Note: Okay, some would call this cheating, but I decided to rerun a post that first ran three years ago, on November 13, 2006. If you read it you'll see that it's wholly appropriate for today, being that it's Friday the 13th, when superstitions run high and we all make a concerted effort to avoid cracks in sidewalk, refrain from walking under ladders, steer clear of black cats lying in wait, and throw salt over our right shoulders if we knock over the shaker.
Here's a promise though. Me and the "dead guys" will be back with a brand new post on Sunday, the day when our thoughts run deepest and usually get blown out of the water by depth charges.
So, do you remember what you were doing on this day, November 13th, last year? Five years ago? Twenty years ago? Me neither, except my guess is, without looking at the calendar, that I was probably working. There is always work. The 18th Massachusetts remembered, however.
Wednesday, November 13, 1861
The Regiment was encamped at Camp Barnes, Hall’s Hill, VA, which is in present day Arlington and across the Potomac River from Georgetown. Corporal Harrison O. Thomas of Company D described the day as beautiful and the evening as very pleasant, mentioning that the Regiment played football, the teams comprised of the right wing of the Regiment captained by Lt. Col. Timothy Ingraham and the left wing by Major Joseph Hayes.

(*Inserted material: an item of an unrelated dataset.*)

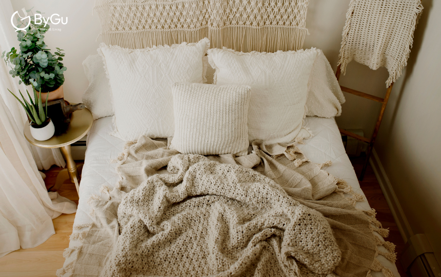 Chất lượng nệm quan trọng không kém chất lượng khung giường. Một tấm nệm tốt không chỉ mang lại sự thoải mái mà còn hỗ trợ tốt cho cột sống, giúp bạn có những giấc ngủ sâu và thức dậy sảng khoái. Bên cạnh đó, bộ chăn ga gối không chỉ là điểm nhấn trang trí mà còn là lớp tiếp xúc trực tiếp với làn da, ảnh hưởng đến cảm giác dễ chịu suốt đêm. ByGu hiểu rằng, việc đầu tư vào những phụ kiện này là đầu tư cho sức khỏe và hạnh phúc của bạn.

Captain Joseph Collingwood of Co. H thanked his wife Rebecca and the ladies of Plymouth, MA for sending a box to the Company, which contained not only food, but socks and blankets which he was planning on distributing to his men. Collingwood related that the biggest fear of soldiers was not the danger they faced on the battlefield, but the dread of becoming ill and having to be admitted to the hospital.
Thursday, November 13, 1862
The Regiment was in camp near Warrenton, VA. Lt. Col. Joseph Hayes, who was commanding, issued General Order No. 40 informing the Regiment that Gov. John Andrew had approved the promotion of 1st Lt. Benjamin F. Meservey to Captain of Company K. The Regiment was still reeling from the reading of McClellan’s farewell address on the 10th, while the previous day, the 12th, Fitz-John Porter had been stripped of his Fifth Corps command. Second Lieutenant George Barnard confided to his mother the belief that spies in Burnside’s Ninth Corps had brought McClellan down, cautioning her to maintain confidentiality. According to Barnard, “The army looks like a grand funeral party.”
The reality of a protracted war was settling in for Sgt. Lorenzo Brown. In a letter to his mother he wrote, “But I suppose we are to see a great many more bloody battles before we are to see the end of this unholy rebellion.” Brown had additional concerns. He was flat broke, as the Regiment had not received pay for months, and was out of tobacco.
Friday, November 13, 1863
The day before the Regiment was engaged in battle at Rappahannock Station, Gardner Tufts of the Massachusetts Military State Agency continued his feud with Lt. Col. Joseph Hayes over the ownership of the Chasseur Au Pied uniforms awarded to the Regiment two years before, following a review of troops at Bailey’s Crossroads. Tufts position was that the uniforms were gifts of the citizens of France to the Regiment and therefore property of the men and not the government as Hayes contended. Hayes would have the last word when he threatened to arrest and charge any man attempting to ship the uniforms home with theft of government property. That put a stop to the activity, but not before some, like Nathan Weeks of Co. C, had sent theirs home via express mail. Weeks’ uniform, minus the shako, is now in the hands of a private collector, who stated he paid $8,000 for it at auction.
Sunday, November 13, 1864
Pvt. Charles Simpson, who had been transferred from the 18th Massachusetts to Co. B of the 32nd Massachusetts, stated that the weather was cold and snow fell in the Petersburg, VA area.
November 13, 1901
Private Edmund Whalley of Co. B, whose left leg was amputated six inches below the knee due to a gunshot wound received at Fredericksburg, died at age 66 at Madbury, N.H.
November 13, 1922
Corporal Nehemiah D. Davis of Co. D, who saw action with the Regiment at the siege of Yorktown, Second Bull Run, Antietam, Shepherdstown, Fredericksburg, Chancellorsville, Gettysburg, Rappahannock Station and the Wilderness, died at age 88 in Wareham, MA. Davis was one of ten men of Company D cited for their courage at the battle of Fredericksburg. Davis also saw action with the 32nd Massachusetts, suffering amputation of his right forefinger after being wounded at Hatcher’s Run.
November 13, 1925
Private Henry H. Lawton of Co. D, who had been mustered as a Fifer and later served as a cook for the Regiment’s hospital before his transfer to the Veterans Reserve Corps, and who later became disabled by heart and kidney disease, rheumatism, and fading eyesight, died at age 88 in Ada, Oregon.